Cost-of-living adjustment
A cost-of-living adjustment (COLA) is an increase in
INCOME to compensate for
INFLATION. As the general level of prices rises (inflation), the purchasing power of a fixed amount of income decreases. COLAs protect against inflation by raising incomes, or benefits. Almost all COLAs in the United States are tied to the
CONSUMER PRICE INDEX (CPI). The most widely cited use of COLAs is by the Social Security Administration (SSA).
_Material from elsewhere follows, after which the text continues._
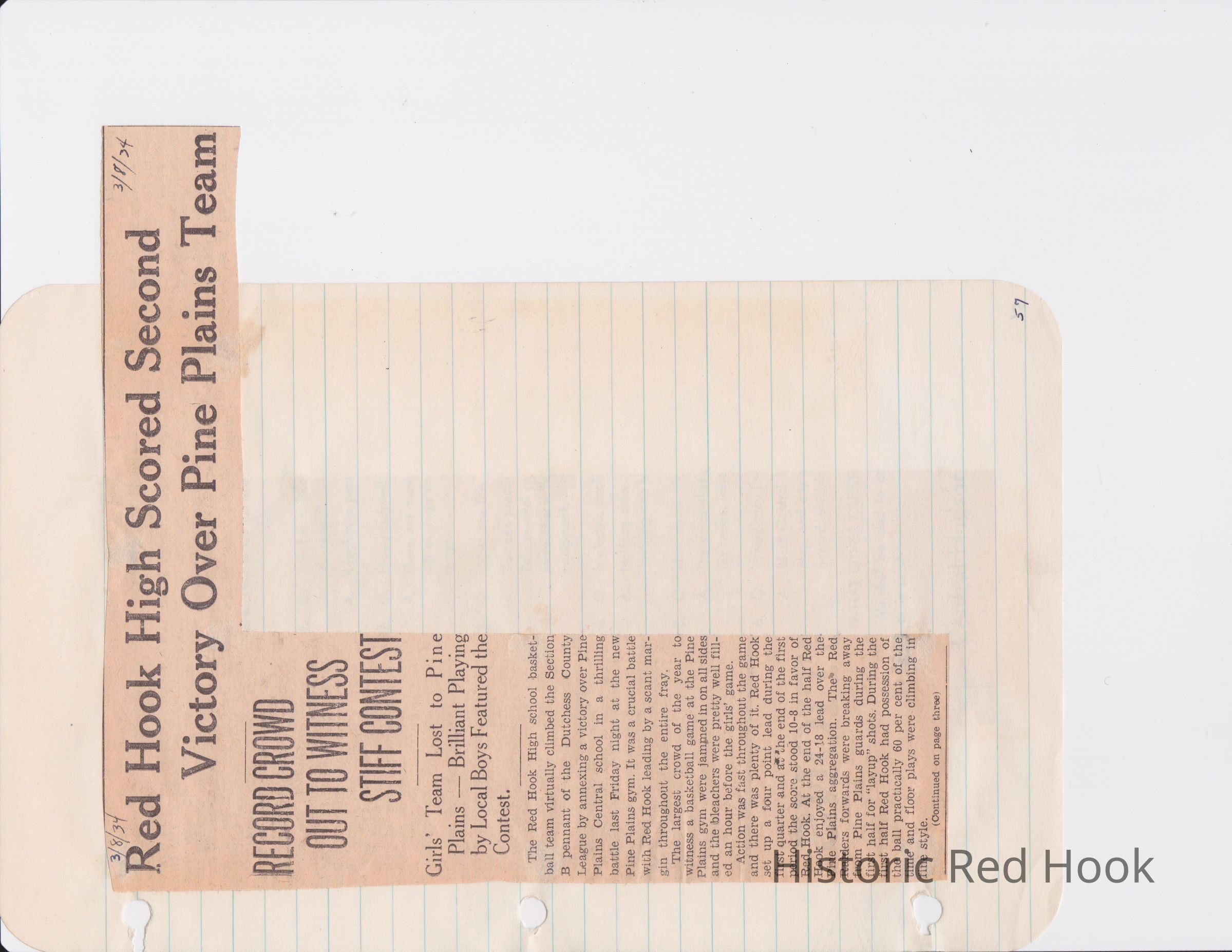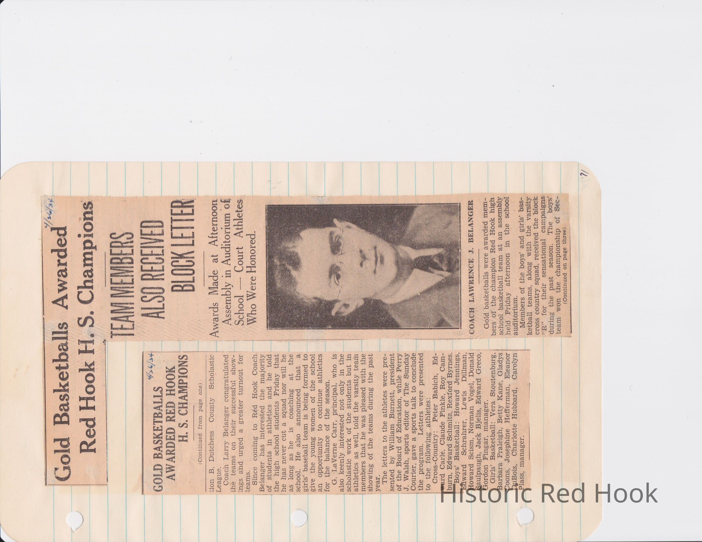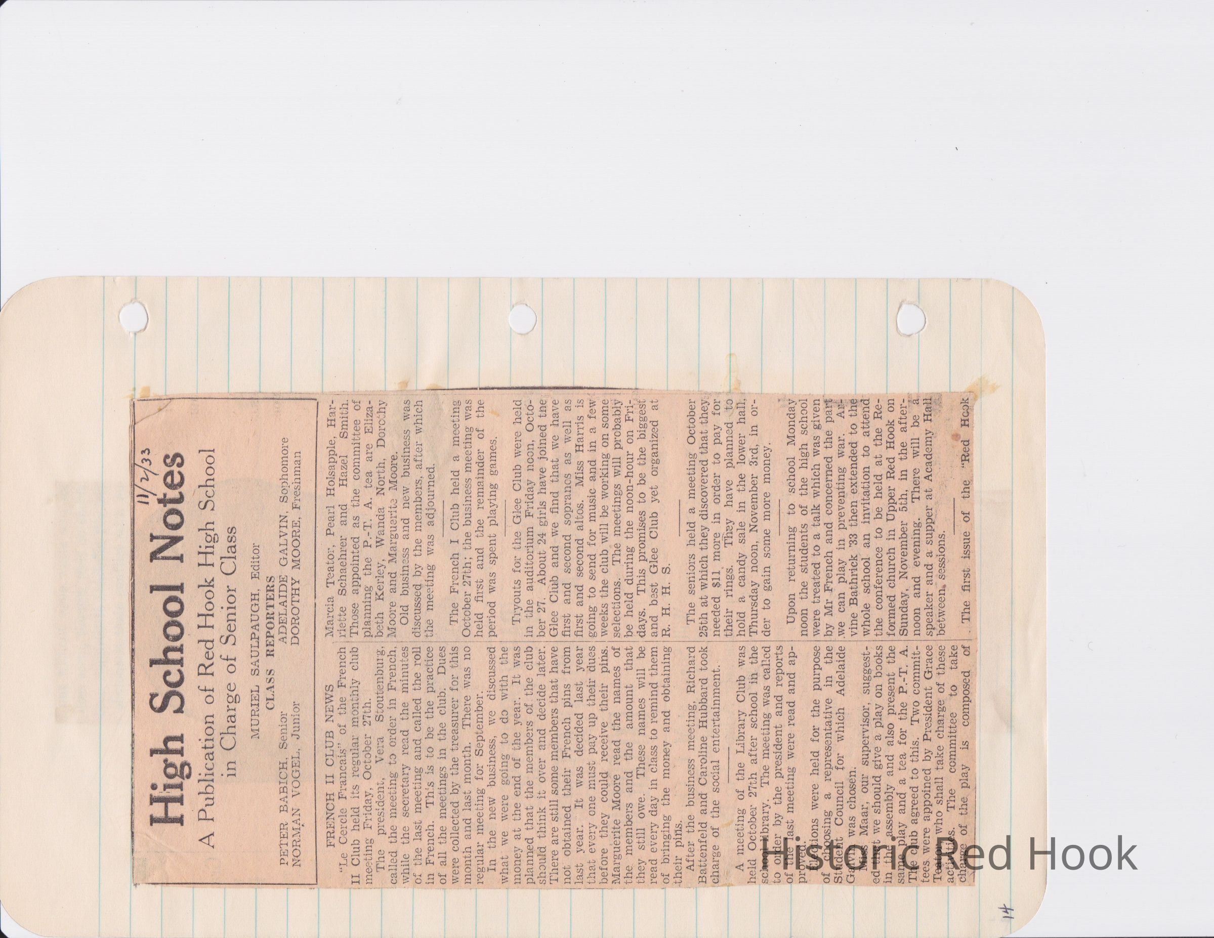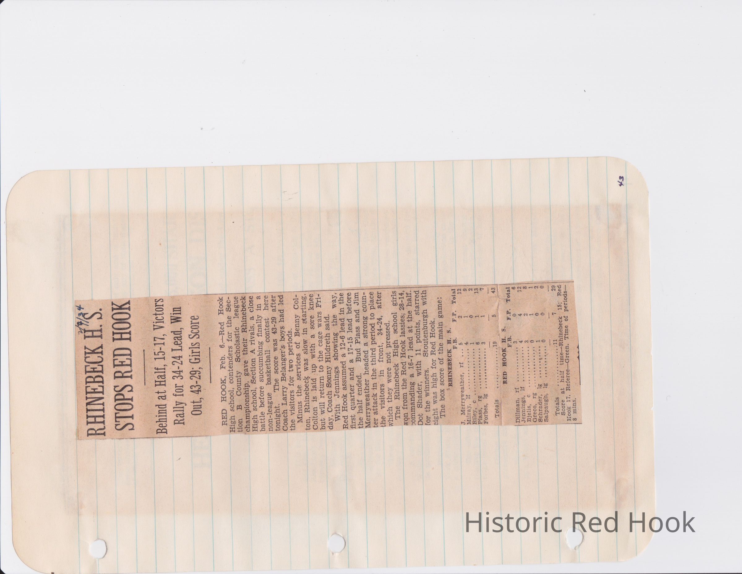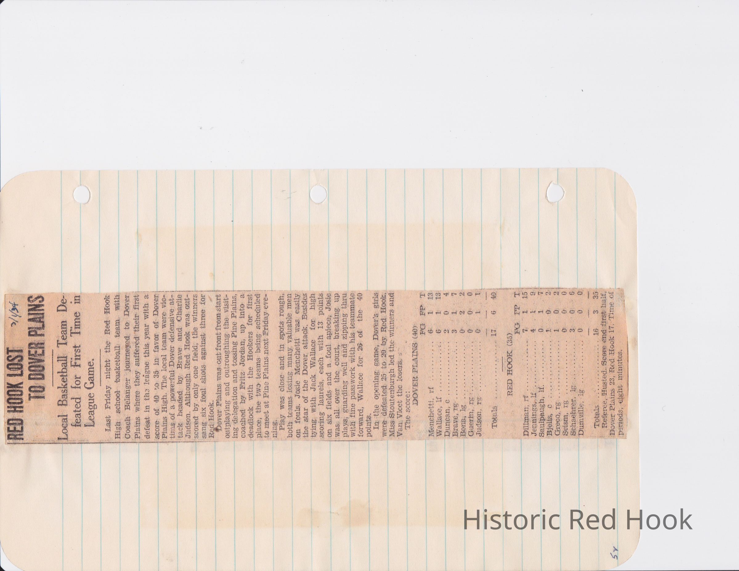 Scrapbook put together by Norman Vogel. It contains newspaper clippings about school news and sports from Red Hook High School 1933-1934. It was given to Patsy Vogel by Norman's widow, Margaret Vogel.

SOCIAL SECURITY (Old Age Survivors and Disability Income, OASDI) and
SUPPLEMENTAL SECURITY INCOME (SSI) are adjusted annually based on changes in the Urban Wage Earners and Clerical Workers Consumer Price Index (CPIW). Since 1975 the SSA has used the third-quarter-tothird- quarter change in the CPI-W to adjust benefits at the beginning of each year. In 1980
Social Security benefits were increased by 14.3 percent, while in 1998 benefits were increased only 1.3 percent. In addition to being used to adjust government benefits programs, COLAs are often incorporated into
UNION contracts and child-support orders. COLAs are also used to adjust for regional differences in the cost of living. Companies often adjust salaries of workers when transferring them to high-cost areas. Manhattan (New York City), Honolulu, and Alaska are relatively expensive places to live in the United States, while most midwestern cities and smaller towns are less expensive. The U.S. military also uses COLAs when transferring personnel to high-cost areas around the world. People whose major sources of income are not protected by COLAs face declining purchasing power over time and rapid decreases in purchasing power during periods of severe inflation. Many pensioners in former Soviet countries saw their incomes vanish during the break-up of the Soviet Union.